Eval Suites

Eval suites score skills and agents across multiple models so quality changes are caught at PR time, not after release. Git-Ape uses microsoft/waza as the eval runner; suites live under .github/evals/.

.github/evals/
├── manifest.yaml                       # CI matrix (tiers + models)
├── <skill-name>/eval.yaml              # Skill evals
└── agents/<agent-name>/eval.yaml       # Agent evals

Skill eval scaffold

Every skill eval needs an eval.yaml and at least two tasks (one positive, one negative):

.github/evals/my-skill/
├── eval.yaml
└── tasks/
    ├── positive-001-typical-use.yaml
    └── negative-001-off-topic.yaml

`eval.yaml`

# yaml-language-server: $schema=https://raw.githubusercontent.com/microsoft/waza/main/schemas/eval.schema.json

name: my-skill-eval
description: "What this suite scores."
skill: my-skill
version: "0.1"

config:
  trials_per_task: 2          # 2 = expanded-tier default (flake detection); bump to 3 for pilot/promotion
  timeout_seconds: 60
  parallel: false
  executor: copilot-sdk
  model: claude-sonnet-4.6    # Default — CI overrides via --model per matrix leg

metrics:
  - name: trigger_precision
    weight: 1.0
    threshold: 0.6
    description: Skill should activate on relevant prompts and stay quiet otherwise.

graders:
  # Cap runaway loops / unexpected plan expansion.
  - type: behavior
    name: budget
    config:
      max_tool_calls: 30
      max_duration_ms: 240000

tasks:
  - "tasks/*.yaml"

Task file

# tasks/positive-001-typical-use.yaml
name: positive-001-typical-use
description: "User asks for the canonical thing this skill does"
prompt: |
  <Verbatim user prompt that should trigger the skill>

expect:
  trigger: skill:my-skill
  behavior:
    - "describes what the skill should do procedurally"
    - "second behavioral assertion"
  prompt:
    must_include:
      - "literal substring that MUST appear in the reply"

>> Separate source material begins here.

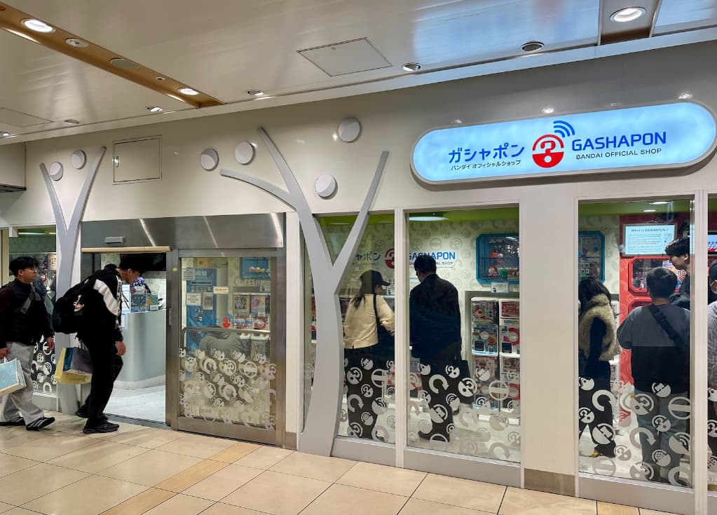 ガチャポンが何十台も置いてあり、人が群がっている。

Negative tasks omit the skill-specific expect.trigger and assert the agent should not invoke the skill:

# tasks/negative-001-off-topic.yaml
name: negative-001-off-topic
description: "Unrelated request — skill should NOT fire"
prompt: |
  Help me write a sonnet about ducks.

expect:
  trigger: !skill:my-skill   # ! = negation

Agent eval scaffold

Agent evals live under .github/evals/agents/<agent-name>/. They use the same waza schema with two extra pieces:

A mirrored copy of the agent file as a sibling, so waza's discovery picks it up.
config.skill_directories listing both the eval directory (for the agent mirror) and the real skill directory.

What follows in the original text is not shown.